Very soon he will ask to go beyond the thousands. For this there is another frame, with seven wires representing respectively units, tens, and hundreds; units, tens and hundreds of the thousands; and a million.

This frame is the same size as the other one but in this the shorter side is used as the base and there are seven wires instead of four. The right-hand side is marked by three different colors according to the groups of wires. The units, tens, and hundreds wires are separated from the three thousands wires by a brass tack, and these in turn are separated in the same manner from the million wire.

The transition from one frame to the other furnishes much interest but no difficulty. Children will need very few explanations and will try by themselves to understand as much as possible. The large numbers are the most interesting to them, therefore the easiest. Soon their copybooks are full of the most marvelous numbers; they have now become dealers in millions.
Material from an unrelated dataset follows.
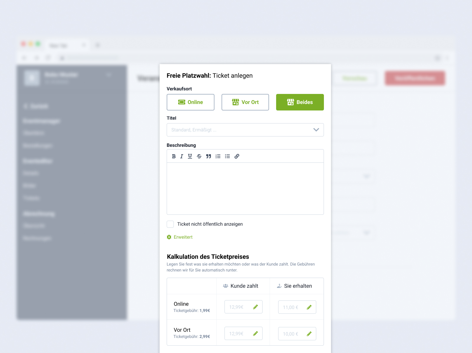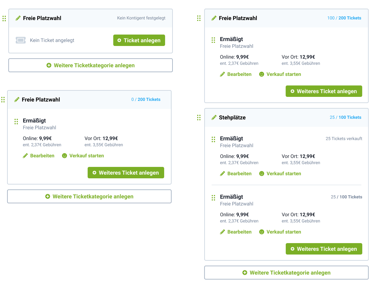 A simplified process that allows you to create tickets for an event. The Venue, categories and prices including the calculation of fees are displayed - for buyer and Organizer.
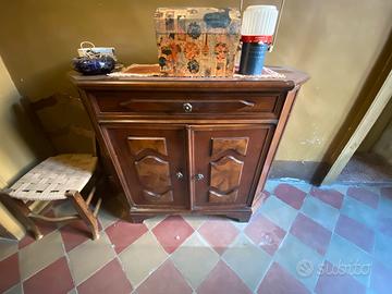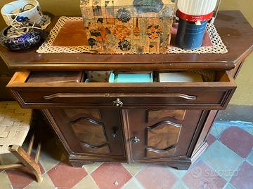 Piccolo mobiletto d’epoca in legno, dallo stile vintage-classico, composto da:

For this frame also there is specially prepared paper.[215]
[216] On the right-hand side the child writes the numbers corresponding to the frame, counting from one to a million: 1, 2, 3, 4, 5, 6, 7, 8, 9; 10, 20, 30, 40, 50, 60, 70, 80, 90; 100, 200, 300, 400, 500, 600, 700, 800, 900; 1,000, 2,000, 3,000, 4,000, 5,000, 6,000, 7,000, 8,000, 9,000; 10,000, 20,000, 30,000, 40,000, 50,000, 60,000, 70,000, 80,000, 90,000; 100,000, 200,000, 300,000, 400,000, 500,000, 600,000, 700,000, 800,000, 900,000; 1,000,000.

After this the child, moving the beads to the left on one or more of the wires, tries to read and then to write on the left half of the paper the numbers resulting from these haphazard experiments. For example, on the counting-frame he may have the number 6,206,818, and on the paper the numbers 1,111,111; 8,640,850; 1,500,000; 3,780,000; 5,840,714; 720,000; 500,000; 430,000; 35,840; 80,724; 15,229; 1,240.

When we come to add and subtract numbers of several figures and to write the results in column, the facility resulting from this preparation is something astonishing.